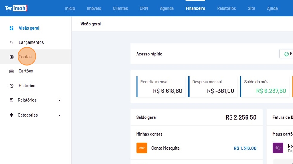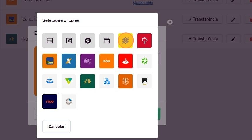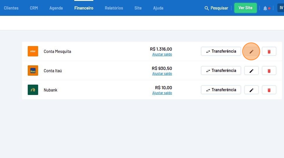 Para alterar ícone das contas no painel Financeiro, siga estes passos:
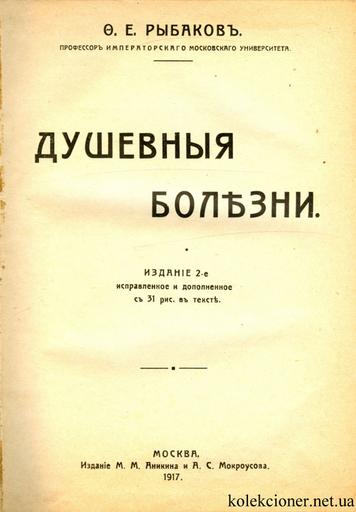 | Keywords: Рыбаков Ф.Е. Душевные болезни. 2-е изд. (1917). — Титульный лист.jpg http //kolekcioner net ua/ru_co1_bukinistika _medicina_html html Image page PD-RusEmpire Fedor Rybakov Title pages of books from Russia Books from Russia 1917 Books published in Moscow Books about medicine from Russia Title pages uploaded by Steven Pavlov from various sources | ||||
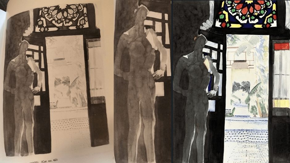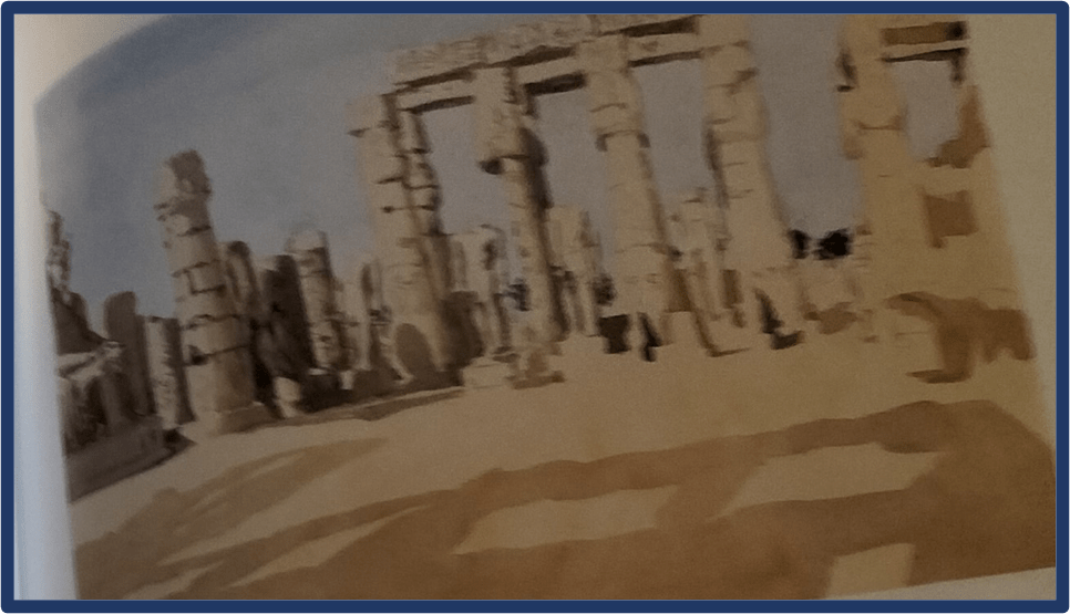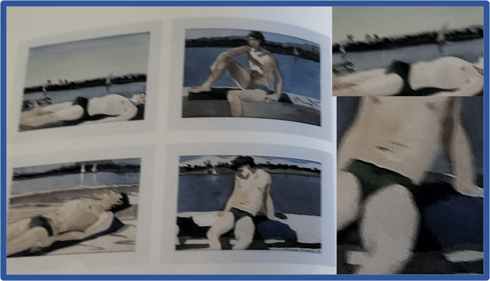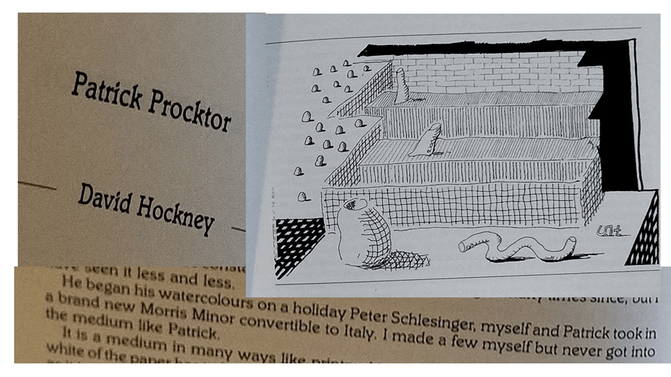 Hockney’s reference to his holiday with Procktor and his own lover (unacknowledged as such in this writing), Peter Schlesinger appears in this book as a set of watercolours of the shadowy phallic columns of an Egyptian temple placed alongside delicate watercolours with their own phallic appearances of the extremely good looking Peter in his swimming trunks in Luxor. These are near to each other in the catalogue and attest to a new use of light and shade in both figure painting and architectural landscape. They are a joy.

==

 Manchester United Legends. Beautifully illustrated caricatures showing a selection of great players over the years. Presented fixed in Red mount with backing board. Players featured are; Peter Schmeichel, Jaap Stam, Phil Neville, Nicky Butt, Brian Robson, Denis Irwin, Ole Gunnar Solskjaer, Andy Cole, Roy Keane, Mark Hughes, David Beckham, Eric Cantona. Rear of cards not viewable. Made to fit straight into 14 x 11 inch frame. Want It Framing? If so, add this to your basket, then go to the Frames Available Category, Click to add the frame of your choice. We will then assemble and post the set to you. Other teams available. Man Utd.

---

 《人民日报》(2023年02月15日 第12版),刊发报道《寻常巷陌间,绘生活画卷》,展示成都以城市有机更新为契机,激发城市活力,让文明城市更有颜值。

** What the exercise asks **
Would you output only the span of the records above that opens with the line containing "Para alterar ícone" and closes with the line containing "Hockney’s reference to", ends included and pictures dropped?

** Your solution **
 Para alterar ícone das contas no painel Financeiro, siga estes passos:
 | Keywords: Рыбаков Ф.Е. Душевные болезни. 2-е изд. (1917). — Титульный лист.jpg http //kolekcioner net ua/ru_co1_bukinistika _medicina_html html Image page PD-RusEmpire Fedor Rybakov Title pages of books from Russia Books from Russia 1917 Books published in Moscow Books about medicine from Russia Title pages uploaded by Steven Pavlov from various sources | ||||
 Hockney’s reference to his holiday with Procktor and his own lover (unacknowledged as such in this writing), Peter Schlesinger appears in this book as a set of watercolours of the shadowy phallic columns of an Egyptian temple placed alongside delicate watercolours with their own phallic appearances of the extremely good looking Peter in his swimming trunks in Luxor. These are near to each other in the catalogue and attest to a new use of light and shade in both figure painting and architectural landscape. They are a joy.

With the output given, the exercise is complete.